Other Shopping Examples

Many other shopping websites have URLs like this. In the list below, the ID number and (suspected) identifier are in bold:

  • http://www.ebay.co.uk/itm/Ian-Rankin-Set-Darkness-Rebus-Novel-/140604842997
  • http://www.kelkoo.com/c-138201-lighting/brand/caravan
  • http://www.ciao.co.uk/Fridge_Freezers_5266430_3
  • http://www.gumtree.com/p/for-sale/boys-bmx-bronx-blaze/97669042
  • http://www.comet.co.uk/c/Televisions/LCD-Plasma-LED-TVs/1844

A significant benefit of this type of URL is that the actual words can be changed, as shown below. As long as the ID number stays the same, the URL will still work. So products can be renamed without breaking old links. More sophisticated websites (like Ciao above) will redirect the changed URL back to the real one and thus avoid creating the appearance of duplicate content (see below for more on this topic).

screenshot

Websites that use URL rewriting are more flexible with their URLs — the words can change but the page will still be found.

Friendly URLs

Now you know how to map nice friendly URLs to their underlying Web pages, but how should you create those friendly URLs in the first place?

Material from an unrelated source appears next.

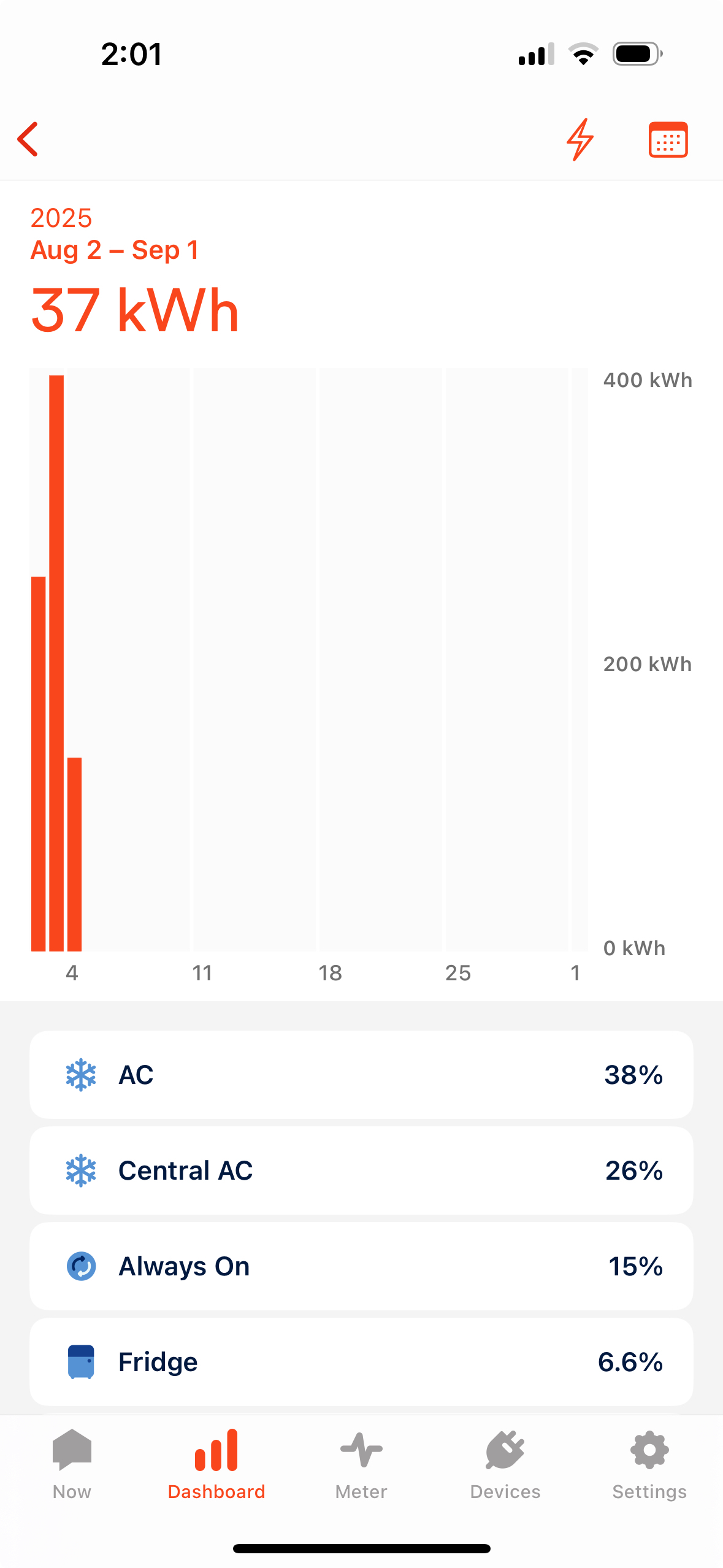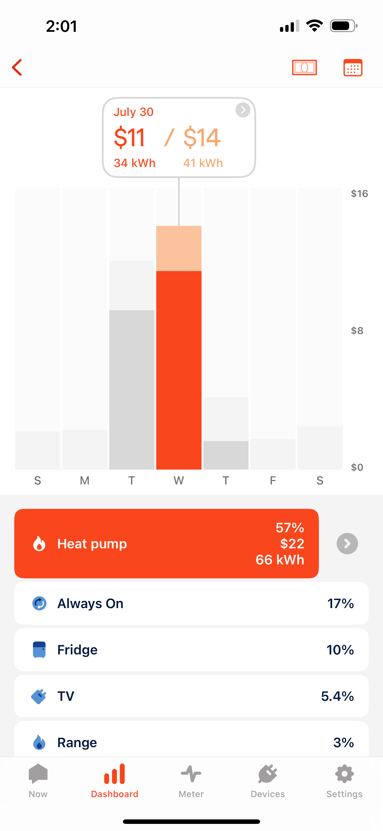 To change the unit your usage amounts are displayed in, tap the dollar bill icon or the kWh "bolt" icon (top right corner near the calendar icon) and select your preference. If you don't see an icon, check in Settings > Electricity Info to confirm that "Show Cost" is enabled.

If we followed the current advice, we would separate words with hyphens rather than underscores and capitalize consistently. Lowercase might be preferable because most people search in lowercase. Punctuation such as dots and commas should also be turned into hyphens, otherwise they would get turned into things like %2C, which look ugly and might break the URL when copied and pasted. You might want to remove apostrophes and parentheses entirely for the same reason.

Whether to replace accented characters is debatable. URLs with accents (or any non-Roman characters) might look bad or break when rendered in a different character format. But replacing them with their non-accented equivalents might make the URLs harder for search engines to find (and even harder if replaced with hyphens). If your website is for a predominately French audience, then perhaps leave the French accents in. But substitute them if the French words are few and far between on a mainly English website.

This PHP function succinctly handles all of the above suggestions:

1 function GenerateUrl ($s) {
2   //Convert accented characters, and remove parentheses and apostrophes
3   $from = explode (',', "ç,æ,œ,á,é,í,ó,ú,à,è,ì,ò,ù,ä,ë,ï,ö,ü,ÿ,â,ê,î,ô,û,å,e,i,ø,u,(,),[,],'");
4   $to = explode (',', 'c,ae,oe,a,e,i,o,u,a,e,i,o,u,a,e,i,o,u,y,a,e,i,o,u,a,e,i,o,u,,,,,,');
5   //Do the replacements, and convert all other non-alphanumeric characters to spaces
6   $s = preg_replace ('~[^\w\d]+~', '-', str_replace ($from, $to, trim ($s)));
7   //Remove a - at the beginning or end and make lowercase
8   return strtolower (preg_replace ('/^-/', '', preg_replace ('/-$/', '', $s)));
9 }

This would generate URLs like this:

1 echo GenerateUrl ("Pâtisserie (Always FRESH!)"); //returns "patisserie-always-fresh"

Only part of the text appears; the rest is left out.